RabbitMQ Configuration

First, we will go over the configuration for rabbitmq. In this case, we will simply create a custom docker image, which includes most of the configuration we need.

As a base-image, we use the official RabbitMQ Docker Image and copy in our own rabbitmq.conf and enabled_plugins files.

FROM rabbitmq:3.7.8

ADD rabbitmq.conf /etc/rabbitmq
ADD enabled_plugins /etc/rabbitmq

The enabled_plugins file, which adds the rabbitmq_peer_discovery_k8s plugin and the standard management plugin, looks like this:

[rabbitmq_management,rabbitmq_peer_discovery_k8s].

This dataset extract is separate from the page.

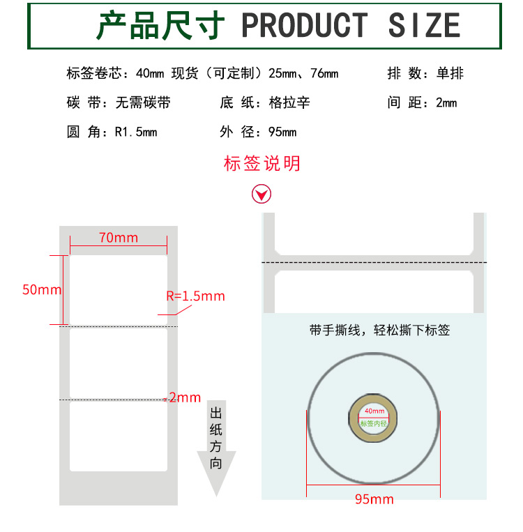 【標簽間距】2mm、圓角R=1MM、卷芯寬度:40mm

So far, so good. Now it gets a bit more interesting. In rabbitmq.conf, we actually configure the peer-discovery mechanism, which will enable our rabbitmq nodes to find each other inside the kubernetes cluster later on:

## Cluster formation. See http://www.rabbitmq.com/cluster-formation.html to learn more
cluster_formation.peer_discovery_backend  = rabbit_peer_discovery_k8s
cluster_formation.k8s.host = kubernetes.default.svc.cluster.local
cluster_formation.k8s.address_type = hostname
cluster_formation.k8s.service_name = rabbitmq-internal
cluster_formation.k8s.hostname_suffix = .rabbitmq-internal.example.svc.cluster.local
cluster_formation.node_cleanup.interval = 60
cluster_formation.node_cleanup.only_log_warning = true
cluster_partition_handling = autoheal
queue_master_locator=min-masters

First, we specify, that we want to use rabbit_peer_discovery_k8s as our discovery backend. Then, we define the k8s host (for API access), and that we use hostname as an addressing scheme. There is also an ip option, but hostname is recommended. However, hostname can only be used with Stateful Sets in kubernetes, which is what we plan to do anyway.

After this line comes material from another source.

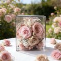 この作品は「庭」と名付けられています。誰もが心の中に小さな庭を持っています。小さくても、一目見ればいつも美しさに満ちています。サイズは約10×10×10cm。高級感のある透明ギフトボックス入りなので、どなたにも安心してお贈りいただけます。箱は花を埃や湿気から守り、より長く楽しめます。この作品は3種類のデザインからお選びいただけます。あらゆる機会や相手にぴったりの贈り物です。

Then, we specify the name of the rabbitmq service in kubernetes and the hostname suffix, which defines that our nodes will be named rabbit@rabbitmq-0.rabbitmq-internal.example.svc.cluster.local, with the number counting up (e.g.: rabbitmq-1,2…).

There are some additional settings here, but what we’re mostly interested in are the kubernetes configuration options.

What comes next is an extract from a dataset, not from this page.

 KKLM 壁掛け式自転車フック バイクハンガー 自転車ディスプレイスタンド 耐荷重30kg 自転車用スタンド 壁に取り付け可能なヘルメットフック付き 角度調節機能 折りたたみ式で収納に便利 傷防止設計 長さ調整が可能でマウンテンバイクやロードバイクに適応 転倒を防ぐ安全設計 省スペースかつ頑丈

Alright, the next step is the kubernetes configuration!

Kubernetes Configuration

The rabbitmq setup on kubernetes is based on a StatefulSet configuration. We also set up two services, one for accessing the pods from the outside, and one for peer-discovery between the individual rabbitmq pods.

We’ll start off with the less interesting parts - RBAC config and a general configMap, and then move on to the more interesting and important configurations.

First, a general configMap:

apiVersion: v1
kind: ConfigMap
metadata:
  name: rabbitmq-cfg
  namespace: example
data:
  RABBITMQ_VM_MEMORY_HIGH_WATERMARK: "0.6"

In such a configMap, arbitrary environment variables can be set for rabbitmq.

Next up is the RBAC (Role Based Access Control) config, which regulates kubernetes API access:

kind: Role
apiVersion: rbac.authorization.k8s.io/v1beta1
metadata:
  name: endpoint-reader
  namespace: example
rules:
- apiGroups: [""]
  resources: ["endpoints"]
  verbs: ["get"]
---
kind: RoleBinding
apiVersion: rbac.authorization.k8s.io/v1beta1
metadata:
  name: endpoint-reader
  namespace: example
subjects:
- kind: ServiceAccount
  name: rabbitmq
roleRef:
  apiGroup: rbac.authorization.k8s.io
  kind: Role
  name: endpoint-reader
apiVersion: v1
---
kind: ServiceAccount
metadata:
  name: rabbitmq 
  namespace: example

We define a rabbitmq service account, an endpoint-reader role, which allows calling get on all endpoints and then hook them up with a role binding.

Alright, with that out of the way, let’s define our services:

kind: Service
apiVersion: v1
metadata:
  namespace: example 
  name: rabbitmq-internal
  labels:
    app: rabbitmq
spec:
  clusterIP: None
  ports:
    - name: http
      protocol: TCP
      port: 15672
    - name: amqp
      protocol: TCP
      port: 5672
  selector:
    app: rabbitmq  
---
kind: Service
apiVersion: v1
metadata:
  namespace:  example
  name: rabbitmq
  labels:
    app: rabbitmq
    type: LoadBalancer
spec:
  selector:
    app: rabbitmq
  ports:
   - name: rabbitmq-mgmt-port
     protocol: TCP
     port: 15672
     targetPort: 15672
   - name: rabbitmq-amqp-port
     protocol: TCP
     port: 5672
     targetPort: 5672

As mentioned above, we need two services in this case. One, called rabbitmq, for accessing the rabbitmq pods from outside/other parts of our kubernetes cluster and another one called rabbitmq-internal, which is used by the rabbitmq pods to do peer-discovery and to create the rabbitmq-cluster between them.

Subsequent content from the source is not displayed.